Thursday, July 27, 2006

what literary and political journalism requires... (thank you jk)

"It was while working with her (Barbara Epstein, editor of NY Review of Books, died June 16, 2006)) that I learned the most valuable lessons of our friendship. I began to see more clearly how literary and political journalism requires much more than the creation of harmonious and intellectually robust sentences; how it is linked inseparably to the cultivation of a moral and emotional intelligence; how it demands a reasonable and civil tone, a suspicion of abstractions untested by experience, a personal indifference to power, and, most importantly, a quiet but firm solidarity with the powerless." Pankaj Mishra

Thank you to JK, who forwarded this quotation to me.

Monday, July 24, 2006

collective sigh...

It seems I never tire of neglecting this space only to sporadically return long enough to apologize for my absence. Well...here we go again. It's been a busy month, with the start of a new job, a trip to Toronto (sorry if I missed you, it was mostly business), and other personal miscellany. And then there are the more grave matters of world geo-political combustibles, another case of the border-skirmish blues (whites and reds optional), and off we go again, cameras in tow into the crucible of G-d (or God or Allah or whatever).

Cue 'collective sigh'.

I am not competent to weigh in on the specifics of this latest episode in the "never ending conflict," but on a purely human level it cannot do other than deeply trouble me, as I believe it does us all.

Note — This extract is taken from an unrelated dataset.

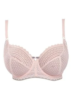 Freya Daisy Lace Balcony bra up to a K cup in colour Blush. This bra provides a deeper wire for great coverage, support and comfort. The lined bottom cup also adds support and shape. Its lace top cup has stretch lace for ease of fit. Finished with a cute bow and silver triangle embellishment.

I'm not one to go in for organized religion (or any of its dogmatic accessories), but I will offer the only thing I can, a hope for hope in the form of a simple prayer for peace (unsure as I am how to pray in the 21st century).

I don't know what else to write for the time being, and maybe there is little more to say tonight. This is my small offering in place of big ideas. I'd like it to count for more than another exhalation in the collective sigh, because the last thing I want to do is resign myself to the world as it presently is. We are all much better than this.